NAME
untemplate - analyze several HTML documents based on the same template
VERSION
version 0.019
SYNOPSIS
untemplate [options] HTML1 HTML2 [HTML3] [...]
DESCRIPTION
Takes multiple HTML documents generated using the same template and attempts to extract only the data inserted into original template.

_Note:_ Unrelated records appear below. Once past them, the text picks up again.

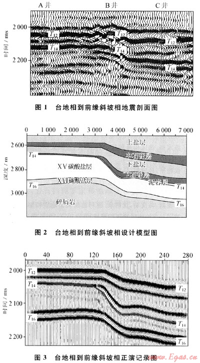 研究區(qū)3口測(cè)井資料對(duì)碳酸鹽巖頂界(T14)的標(biāo)定結(jié)果見(jiàn)圖1。從圖中可見(jiàn):臺(tái)地相和前緣斜坡相的碳酸鹽巖頂界并不在同一相位上。這對(duì)進(jìn)一步的追蹤和解釋帶來(lái)了不確定性?;趨^(qū)域地質(zhì)和鉆測(cè)井資料分析,設(shè)計(jì)了沉積相變區(qū)地震地質(zhì)模型(圖2):臺(tái)地相ⅩⅥ碳酸鹽巖層厚度為50~70m,ⅩⅤ碳酸鹽巖層厚度為300~360m,下石膏層厚度為8~15m,下鹽層厚度為70~100m,中石膏層厚度為30~50m;前緣斜坡相ⅩⅥ碳酸鹽巖層厚度為40~60mm,ⅩⅤ碳酸鹽巖層厚度為80~180m,泥巖層厚度為4~38m,下石膏層厚度為20~80m,下鹽層厚度為40~200m,中石膏層厚度為100~140m;中下侏羅統(tǒng)速度為4100m/s,密度為2.40g/cm3;ⅩⅥ碳酸鹽巖層速度為5900m/s,密度為2.75g/cm3;ⅩⅤ碳酸鹽巖層速度為5600m/s,密度為2.65g/cm3;泥巖層速度為4200m/s,密度為2.45g/cm3;下石膏層和中石膏層的速度為6000m/s,密度為2.96g/cm3;下鹽層和上鹽層速度為4500m/s,密度為2.50g/cm3。取Ricker子波作為入射脈沖,依據(jù)實(shí)際地震資料選取的地震波主頻為30Hz。通過(guò)波動(dòng)方程正演計(jì)算,得到的理論地震記錄見(jiàn)圖3。
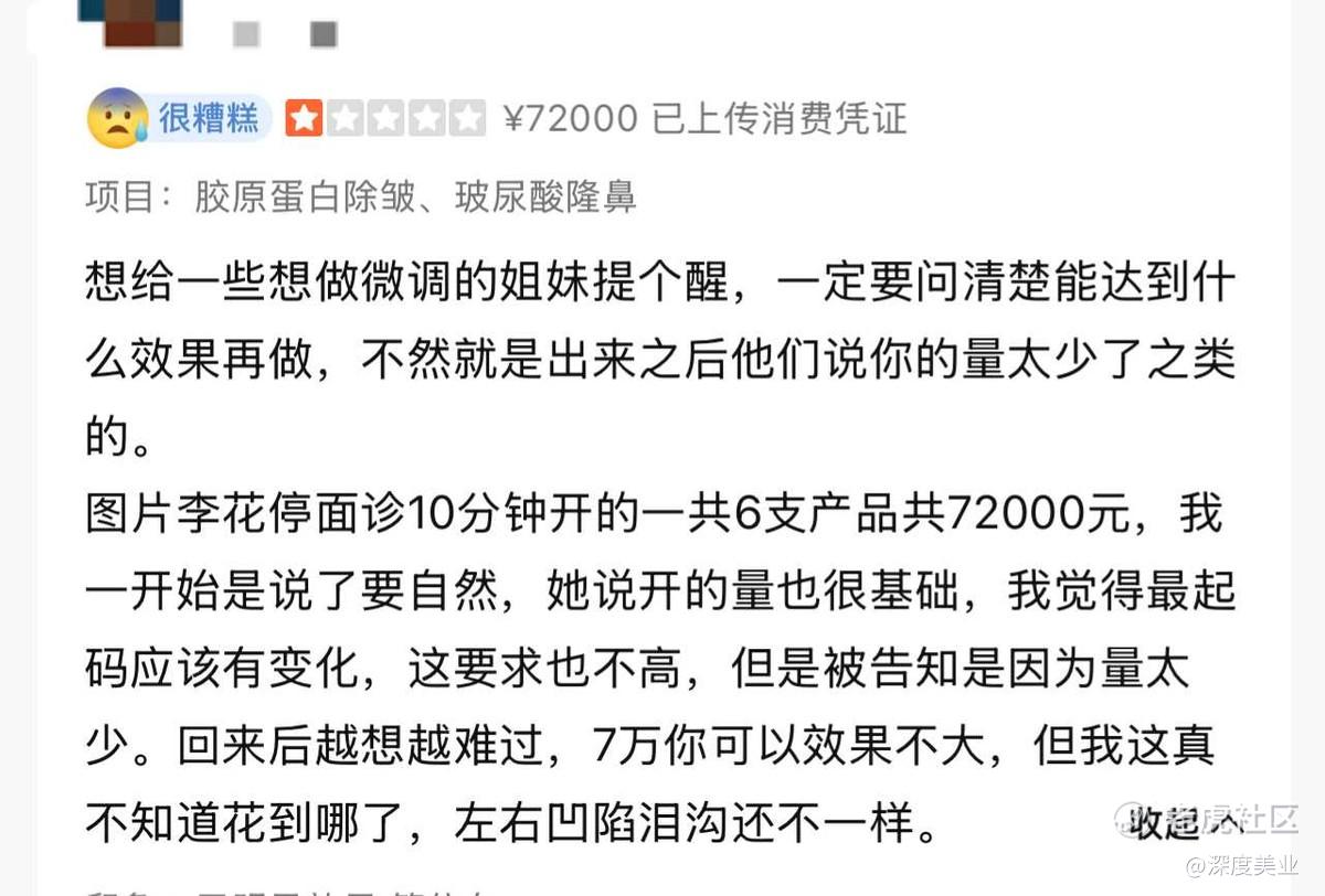 在2025年1月12日,这位消费者也在大众点评上留下了差评,分享了她的经历,并提醒其他消费者在进行类似的微调手术前,一定要问清楚能达到什么效果。她提到,尽管她的要求并不高,但术后的效果让她感到非常失望,甚至有些部位的情况比术前更糟。她上传了术前术后的对比照片,并在评论中表达了对手术效果的不满,认为花费的72000元没有得到应有的效果。
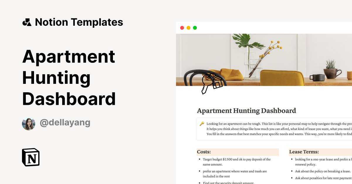 Apartment Hunting Dashboard Template Notion Marketplace - With this notion dashboard, you can have make apartment hunting simple with your planning and progress all in one place. With this intuitive tool, you can effortlessly manage every aspect of your. Say goodbye to the stress of apartment hunting and hello to your new home sweet home! This template makes apartment hunting easier — and even fun. This apartment. You should also read this: Temporary Custody Template
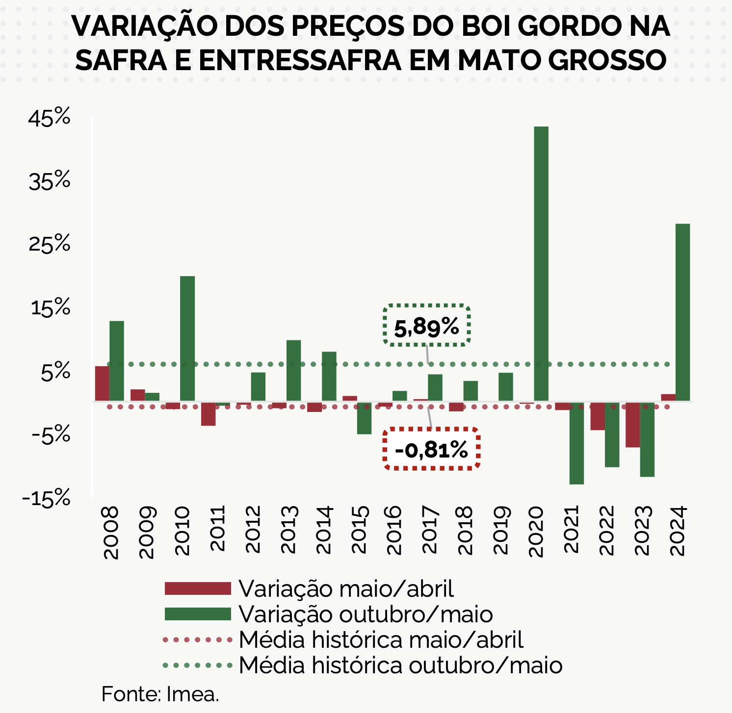 Segundo análise do Imea, os preços da arroba tendem a se recuperar a partir de outubro, quando comparados aos valores de maio. Na média histórica, o ganho registrado no período foi de 5,89%, o que sinaliza um possível cenário de valorização caso o ciclo siga o padrão dos últimos anos.
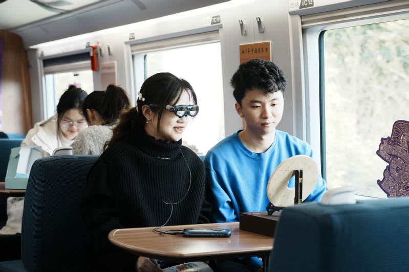 12月6日上午,参访团队在前往杭州的G7581次列车上,通过特色拼图、VR眼镜、打卡盖章等活动体验了“良渚文化进高铁”。
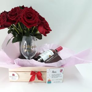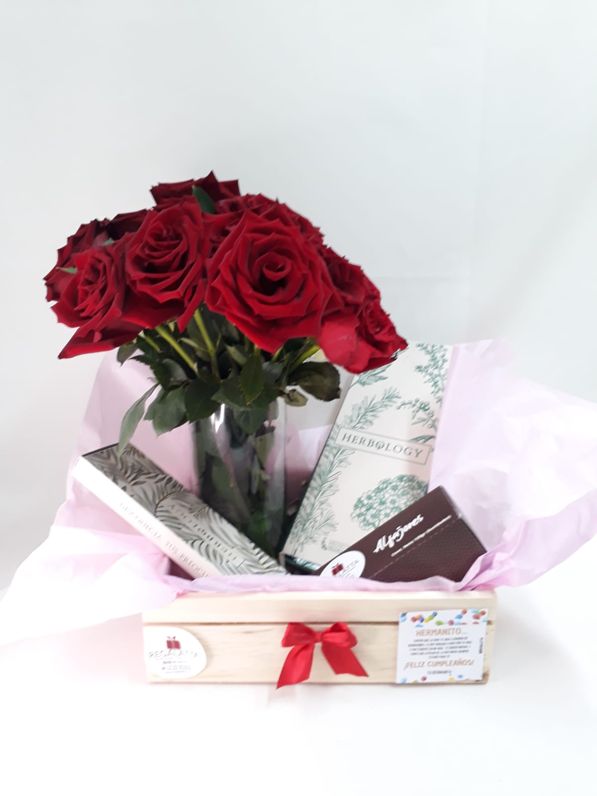 Hermosa Caja de regalo en madera, florero con 24 rosas, cojín herbal, y caja de alfajores x 5, antifaz, moño, papel seda y tarjeta personalizada.

Accepts URL if AnyEvent::Net::Curl::Queued is present.
OPTIONS
- --help
-
This.
- --encoding=name
-
Specify the HTML document encoding (
latin1
,utf8
). UTF-8 is assumed by default. - --[no]color
-
Enable syntax highlight for XPath. By default, enabled automatically on interactive terminals.
- --16
-
Use 16 system colors. By default, try to use 256-color ANSI palette.
- --[no]html
-
Disables the
--color
option and highlights using HTML/CSS. - --[no]partial
-
Enable the display of "partial" templates, that is, nodes present in some documents. By default, only the nodes present in all documents are displayed.
- --[no]shrink
-
Shrink the XPath to the minimal unique identifier. For example:
/html/body[@id='cpansearch']/form[@class='searchbox']/input[@name='query']
Could be shortened as:
//input[@name='query']
The shrinking is enabled by default.
- --[no]strict
-
Strict mode disables grouping by
id
,class
orname
attributes. The grouping is enabled by default. - --unmangle=regex
-
Specify regex(es) to unmangle
id
/class
attributes. Some CMS (WordPress) insert unique identifiers into HTML elements, like:<body class="post-id-12345">
This tend to break HTML tree analysis. To fix the above case, use
--unmangle 'post-id-\d+'
. Multiple unmanglers are accepted (--unmangle a --unmangle b
).
EXAMPLES
untemplate --color http://bash.org/?1839 http://bash.org/?2486 | less -R
CAVEATS
Trying to untemplate HTML documents not based on the same template, the results will be empty.
Unfortunately, employing any kind of document identifier as part of element class/id (common practice in WordPress themes) is enough to constitute "not same template".
See the --unmangle
option for a work-around.
AUTHOR
Stanislaw Pusep <stas@sysd.org>
COPYRIGHT AND LICENSE
This software is copyright (c) 2014 by Stanislaw Pusep.
This is free software; you can redistribute it and/or modify it under the same terms as the Perl 5 programming language system itself.